## EXERCISE DETAILS
In the records below, find the line containing "Mug with a picture" and the line containing "Keywords: grey sky". Give again exactly those lines and every line between them, omitting the pictures.

## DATA SUPPLIED
···
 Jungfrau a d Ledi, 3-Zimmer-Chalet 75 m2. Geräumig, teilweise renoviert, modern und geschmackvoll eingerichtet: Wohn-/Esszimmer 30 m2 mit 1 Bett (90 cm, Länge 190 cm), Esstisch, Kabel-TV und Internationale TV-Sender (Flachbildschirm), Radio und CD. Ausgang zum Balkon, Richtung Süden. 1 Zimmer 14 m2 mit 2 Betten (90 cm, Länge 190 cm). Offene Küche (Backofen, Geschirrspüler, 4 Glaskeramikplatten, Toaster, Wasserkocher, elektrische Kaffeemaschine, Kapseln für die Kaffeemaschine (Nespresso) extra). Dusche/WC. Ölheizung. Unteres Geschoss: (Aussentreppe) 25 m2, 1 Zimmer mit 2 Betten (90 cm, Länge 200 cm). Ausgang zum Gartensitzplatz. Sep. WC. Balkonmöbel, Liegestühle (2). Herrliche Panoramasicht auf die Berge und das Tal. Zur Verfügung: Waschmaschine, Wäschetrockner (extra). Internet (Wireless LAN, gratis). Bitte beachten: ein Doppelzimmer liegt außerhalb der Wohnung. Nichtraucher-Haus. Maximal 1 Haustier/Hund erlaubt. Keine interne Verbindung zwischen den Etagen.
···
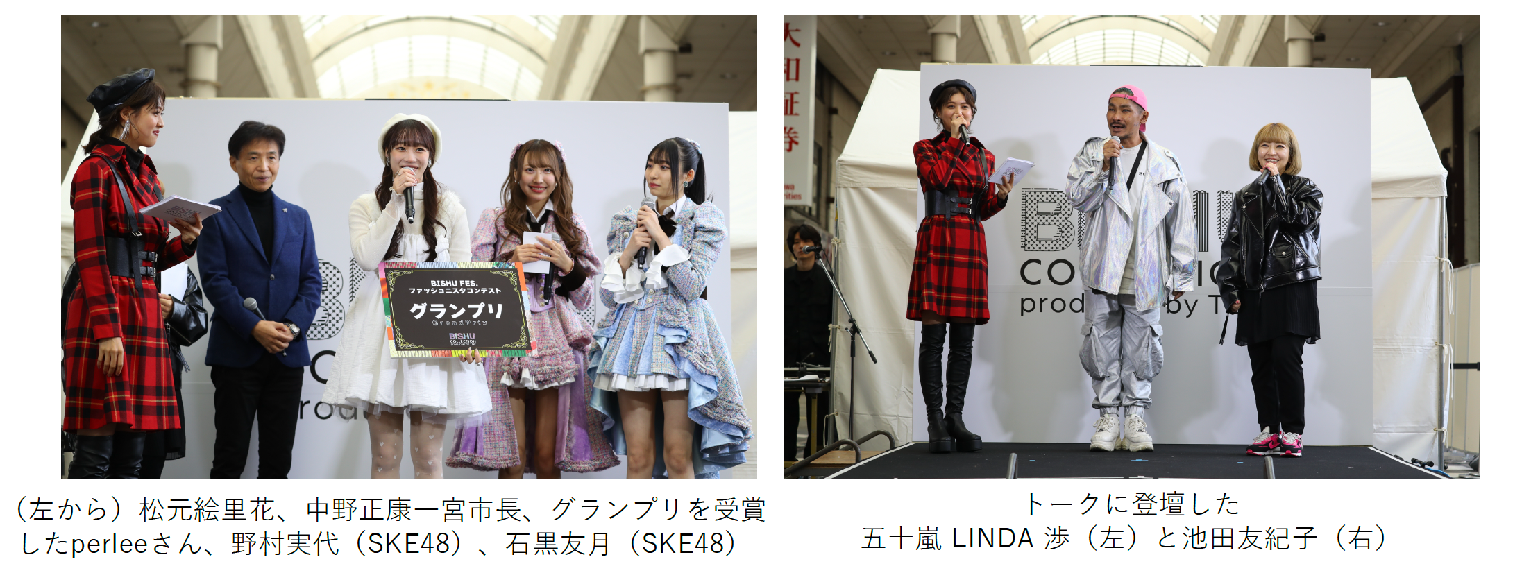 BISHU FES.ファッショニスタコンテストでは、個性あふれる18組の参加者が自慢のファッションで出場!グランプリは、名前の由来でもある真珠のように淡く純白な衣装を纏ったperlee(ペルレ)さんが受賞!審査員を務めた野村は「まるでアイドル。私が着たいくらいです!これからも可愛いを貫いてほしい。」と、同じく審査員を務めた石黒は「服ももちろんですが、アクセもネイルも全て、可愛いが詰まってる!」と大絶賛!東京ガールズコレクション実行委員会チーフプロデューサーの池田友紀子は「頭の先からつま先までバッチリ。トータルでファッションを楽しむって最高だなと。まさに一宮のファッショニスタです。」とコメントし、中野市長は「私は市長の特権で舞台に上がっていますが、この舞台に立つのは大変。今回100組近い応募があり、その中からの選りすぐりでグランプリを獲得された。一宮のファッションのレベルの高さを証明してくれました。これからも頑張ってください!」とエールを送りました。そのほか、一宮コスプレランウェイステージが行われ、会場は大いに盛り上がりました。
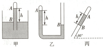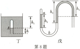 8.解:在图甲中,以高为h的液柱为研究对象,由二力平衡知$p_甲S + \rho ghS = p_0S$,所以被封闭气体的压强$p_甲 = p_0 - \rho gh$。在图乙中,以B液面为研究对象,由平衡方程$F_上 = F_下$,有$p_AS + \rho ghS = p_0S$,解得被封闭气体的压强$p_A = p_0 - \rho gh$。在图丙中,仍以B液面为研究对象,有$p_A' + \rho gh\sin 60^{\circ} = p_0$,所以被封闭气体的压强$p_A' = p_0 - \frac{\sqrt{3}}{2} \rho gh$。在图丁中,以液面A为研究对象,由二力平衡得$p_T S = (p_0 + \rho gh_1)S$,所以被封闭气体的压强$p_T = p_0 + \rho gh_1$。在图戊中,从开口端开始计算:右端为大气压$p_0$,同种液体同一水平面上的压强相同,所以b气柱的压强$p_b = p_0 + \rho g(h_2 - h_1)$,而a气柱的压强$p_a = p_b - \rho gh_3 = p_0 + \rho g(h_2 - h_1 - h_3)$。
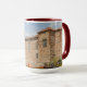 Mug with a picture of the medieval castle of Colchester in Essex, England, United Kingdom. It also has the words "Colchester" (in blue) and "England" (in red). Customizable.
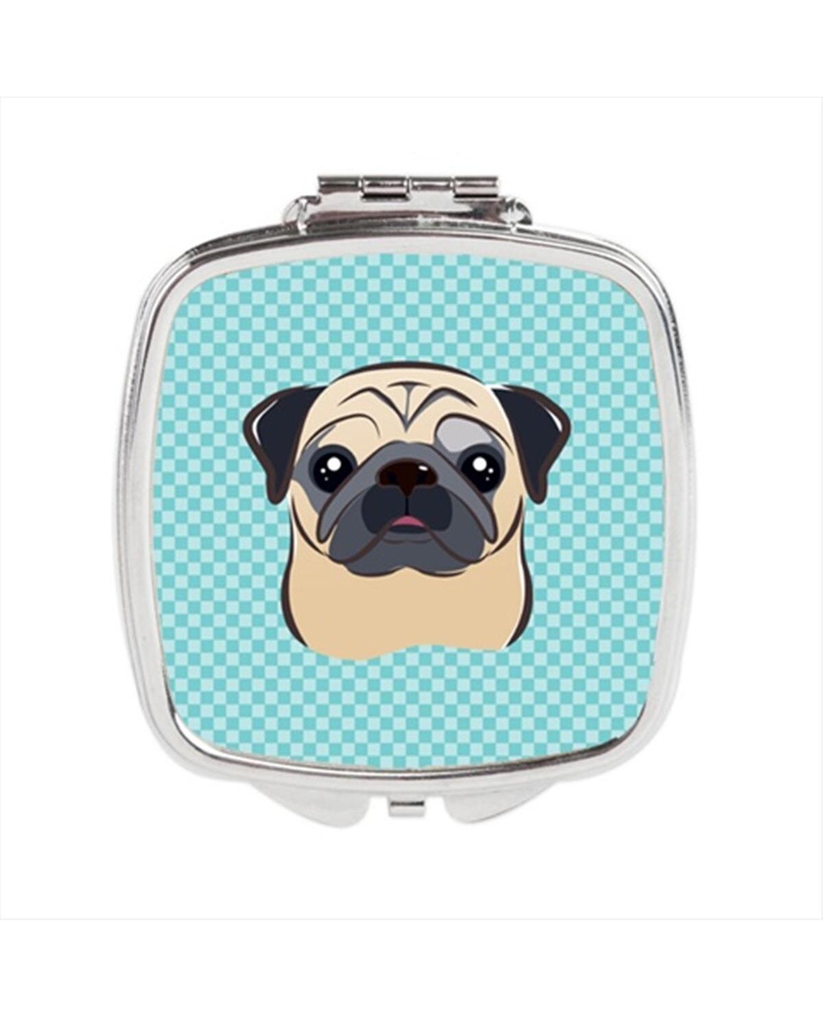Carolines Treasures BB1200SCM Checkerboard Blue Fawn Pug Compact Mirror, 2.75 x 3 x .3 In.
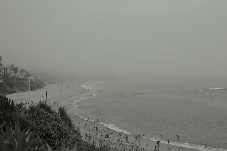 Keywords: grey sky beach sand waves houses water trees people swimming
···
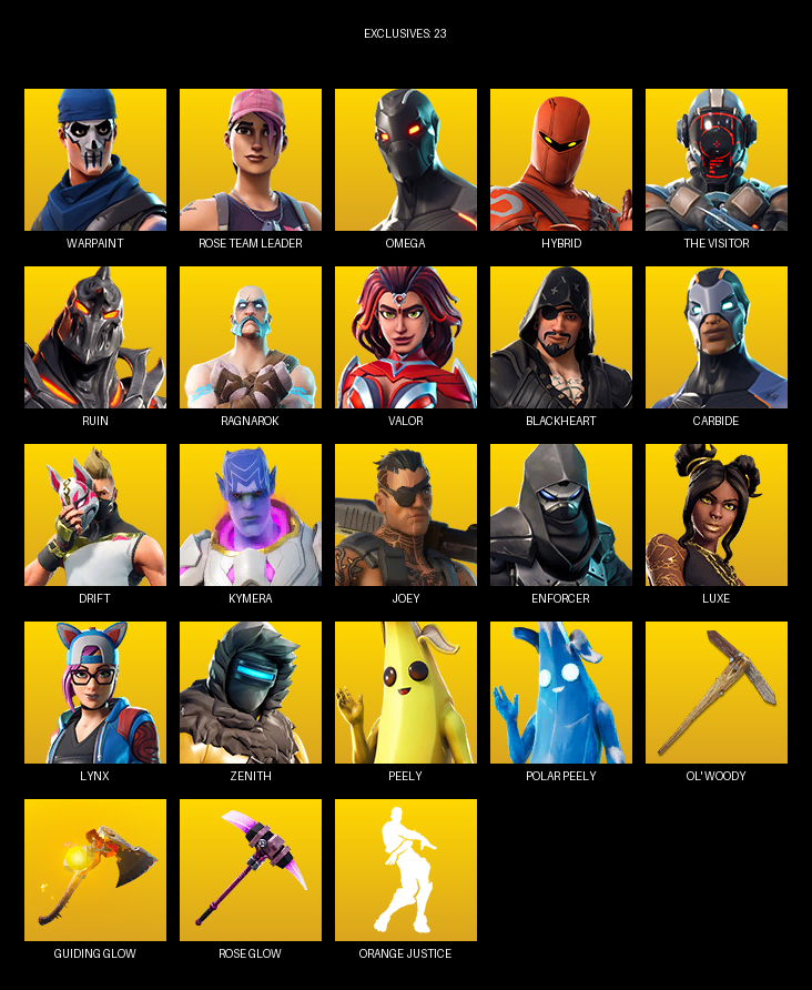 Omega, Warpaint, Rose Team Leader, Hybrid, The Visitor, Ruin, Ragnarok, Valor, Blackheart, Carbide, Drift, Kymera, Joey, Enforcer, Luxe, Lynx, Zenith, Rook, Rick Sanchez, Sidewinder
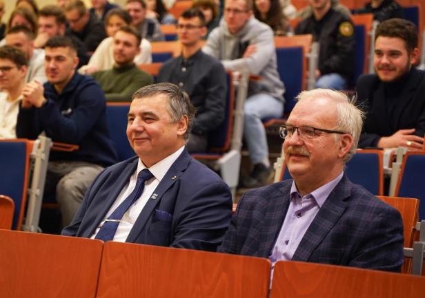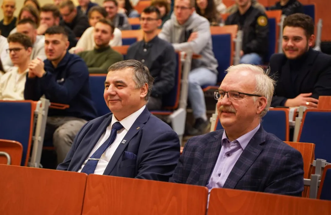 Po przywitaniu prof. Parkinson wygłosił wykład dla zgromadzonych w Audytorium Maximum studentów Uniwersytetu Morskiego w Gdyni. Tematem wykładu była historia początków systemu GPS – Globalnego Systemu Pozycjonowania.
···
## WRITTEN ANSWER
 Mug with a picture of the medieval castle of Colchester in Essex, England, United Kingdom. It also has the words "Colchester" (in blue) and "England" (in red). Customizable.
Carolines Treasures BB1200SCM Checkerboard Blue Fawn Pug Compact Mirror, 2.75 x 3 x .3 In.
 Keywords: grey sky beach sand waves houses water trees people swimming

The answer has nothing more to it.